A topological vector space is a real (or complex, but that ultimately makes no difference) vector space X, which is given a topology in which addition is a continuous map X × X → X and scalar multiplication is a continuous map R × X → X. Corresponding notions exist over other fields of scalars, but being an analyst I'm most familiar with the classical real case.

General topological vector spaces may be very badly behaved by the comfortable standards of Rn. They need not be metrizable, or even first countable or Hausdorff. Their topology need not derive from a norm, or a family of seminorms. Thus to prove interesting theorems you usually have to restrict the category of topological vector spaces under study.
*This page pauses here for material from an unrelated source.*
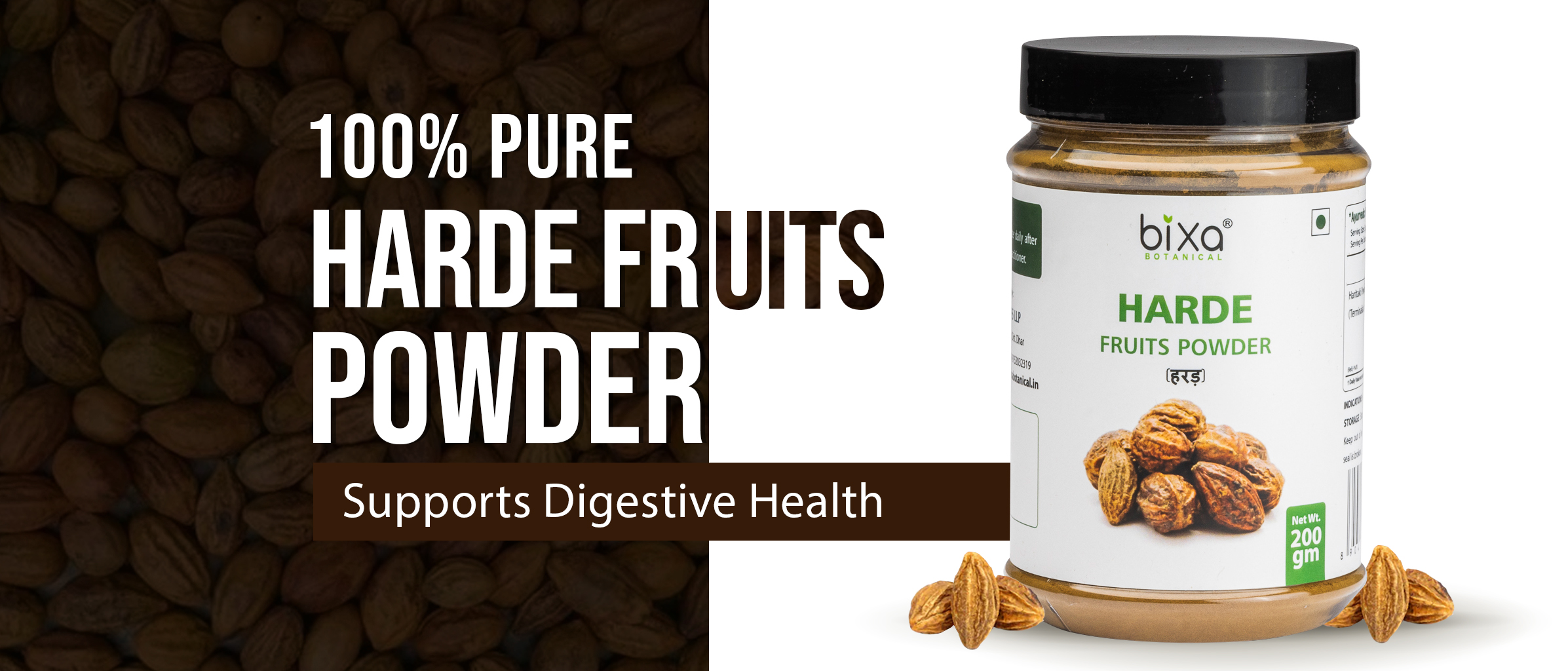 Harde or Terminalia Chebula helps remove toxins and undigested materials from body as mild laxative and helps in digestion. Harde fruit Powder supports general health gain, well being of eyes, brain, throat, intestine, skin, liver, spleen and urinary tract. It helps to promote anti-oxidant properties, prevention of tissue damage & to increase energy levels.

Progressively more specialized categories include:

locally convex spaces
This is the broadest category of TVS commonly encountered outside the abstract theory of TVSs;
Fréchet spaces
This is a fairly large group of TVS which are still complete metric spaces, and is the largest category on which a reasonable calculus including the inverse function theorem and similar results exists; also, since they are complete, in Fréchet spaces one has the classical consequences of the Baire category theorem (the open mapping, closed graph, and uniform boundedness theorems);
Banach spaces
This is a comfy category where every space has a norm, calculus is easy to do, and a rich operator theory exists -- although the geometry of Banach spaces can be complicated and includes some startling infinite-dimensional phenomena; Banach manifolds are interesting animals which crop up when you try to do differential geometry on manifolds of mappings between manifolds;
Hilbert spaces
These spaces are similar enough to finite-dimensional vector spaces that their operator theory follows fairly classical lines and was worked out in the early part of this century; quantum mechanics takes place mostly in operator algebras over Hilbert spaces;
Rn
and of course our familiar Euclidean space is a topological vector space, although one of a very special kind.
For more information consult Helmut Schaefer, Topological vector spaces, or if you're not familiar at all with functional analysis, better start with something like John B. Conway's Functional analysis: a first course (if you already know measure theory) or Introductory real analysis by Kolmogorov and Fomin (if you don't).